Handy appeared swimming in a commercial from 1978 asking for the public to support American athletes training for the 1980 Olympic games before the boycott. At the time of his filming, he was the oldest living United States Olympic medalist.

In 1965, Handy was inducted into the International Swimming Hall of Fame. In 1977, he was inducted into the USA Water Polo Hall of Fame.

Biography
Handy attended North Division High School (now Lincoln Park High School) in Chicago, and then the University of Michigan during the 1902–03 academic year. During that time he was working as a campus correspondent for the Chicago Tribune when on May 8 he wrote an article about a lecture in the Elocution 2 class given by Prof. Thomas C. Trueblood as a "course in lovemaking." Handy went on to describe how Trueblood had dropped to a bended knee in order to demonstrate how to make an effective marriage proposal. John T. McCutcheon, a Chicago Record Herald cartoonist, followed the next day with a cartoon about a "Professor Foxy Truesport" showing his class how to best make love.

Neither Trueblood nor university President James B. Angell were amused. Ten days after the initial article was published, Handy was suspended for a year for "publishing false and injurious statements affecting the character of the work of one of the Professors." Handy was told he could re-apply one year later. Instead, Handy decided to apply to a different school, but he was unable to gain acceptance to other schools because of what had happened at the University of Michigan. Handy was accepted to the University of Pennsylvania but was told to leave after two weeks of classes.

Tribune editor Medill McCormick tried to intervene on Handy's behalf, but Angell refused to change the suspension. At that point, McCormick offered Handy a job. Handy worked in a number of departments at the Tribune.
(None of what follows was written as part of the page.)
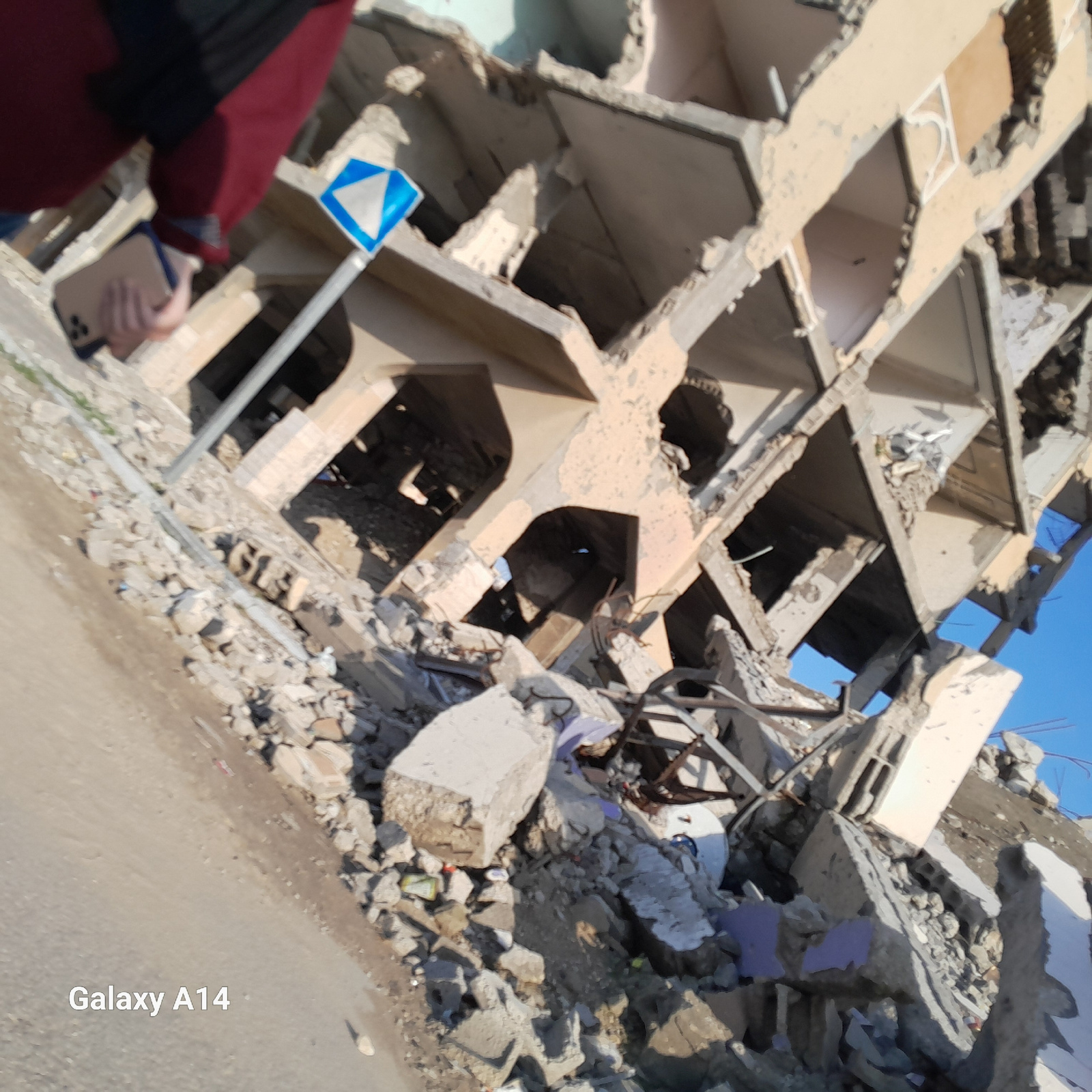 The image depicts a scene of extensive structural damage in Khan Yunis, Palestinian Territory, under a clear blue sky. A multi-story concrete building, appearing partially collapsed or demolished, dom…read more
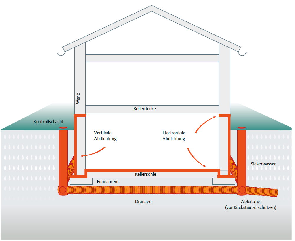 Verschiedene Maßnahmen verhindern, dass Sickerwasser und Bodenfeuchtigkeit in das Gebäude eintreten. Bei der Planung eines Neubaus sollten die erforderlichen Maßnahmen von Anfang an berücksichtigt werden und grundlegende Kenntnisse, wie die langfristige Entwicklung des Grundwasserstands, eingeholt werden. Bei Bestandsgebäuden lassen sich die meisten Maßnahmen ebenfalls umsetzen, bedeuten dann aber einen erhöhten technischen und finanziellen Aufwand.

It was during his time working on the advertising staff that Handy observed that informing and building up salespeople's enthusiasm for the products they were selling helped to move more merchandise. He also began researching exactly what made people buy a particular product.

Handy left the Tribune to do further work on corporate communications. He worked with John H. Patterson of National Cash Register, who had used slides to help train workers. With help from another associate, Handy began making and distributing films that showed consumers how to operate everyday products. After World War I broke out, Handy began making films to show how to operate military equipment. During this time the Jam Handy Organization was formed.
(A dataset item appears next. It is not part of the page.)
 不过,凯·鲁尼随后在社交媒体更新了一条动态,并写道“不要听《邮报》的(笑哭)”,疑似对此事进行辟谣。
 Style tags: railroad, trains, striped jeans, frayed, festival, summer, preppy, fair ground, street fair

Handy was married to Helen Hoag Rogers and had five children. One of his daughter Chaille's children is the printmaker Garner Tullis. Another of his daughter Chaille's children is the inventor Barclay J. Tullis.

Filmmaking

After World War I, the Jam Handy Organization was contracted as the Chicago-Detroit branch of Bray Productions, creating films for the auto industry, Bray's largest private client.

General Motors selected Handy's organization to produce short training films as well as other training and promotional materials. One such film was 1940's Hired! – a training film for sales managers at Chevrolet dealerships; which is also featured in the Mystery Science Theater 3000 episodes Bride of the Monster and Manos: The Hands of Fate. Many films produced by the Jam Handy Organization were collected by Prelinger Archives and may be seen and downloaded at the Internet Archive.

Master Hands, the legendary 1936 documentary sponsored film (or as was called a "capitalist realist drama"), was selected by the National Film Registry for preservation in 1999.

Between 1936 and 1938, the Jam Handy Organization made a series of six animated fantasy sales films for Chevrolet featuring a gnome named Nicky Nome, which showed new Chevrolet automobiles saving the day from villains, often in retellings of classic tales such as Cinderella, the subject of two of those films, A Coach for Cinderella and A Ride for Cinderella. The other films were Nicky Rides Again, Peg-Leg Pedro, The Princess and the Pauper, and One Bad Knight.

The Jam Handy Organization produced the first animated version of the new Christmas story Rudolph the Red-Nosed Reindeer (1948), sponsored by retailer Montgomery Ward and directed by Max Fleischer.

Handy also produced films for other companies and for schools. He's estimated to have produced over 7,000 films for the armed services during World War II. Handy was noted for taking only a one-percent profit on the films, while he could have taken as much as seven percent. He was noted for never having a desk at work, instead using any available workspace. Handy's suits did not have pockets, as he thought they were a waste of time.

Degrees
Despite Handy's troubles with the University of Michigan, his son-in-law Max Mallon, granddaughter Susan Webb, and great-granddaughter Kathryn Tullis received degrees from the school. Handy would receive an honorary doctorate from Eastern Michigan University.

Death
Handy died on November 13, 1983 at the age of 97. He swam on a regular basis until just a few days before his death.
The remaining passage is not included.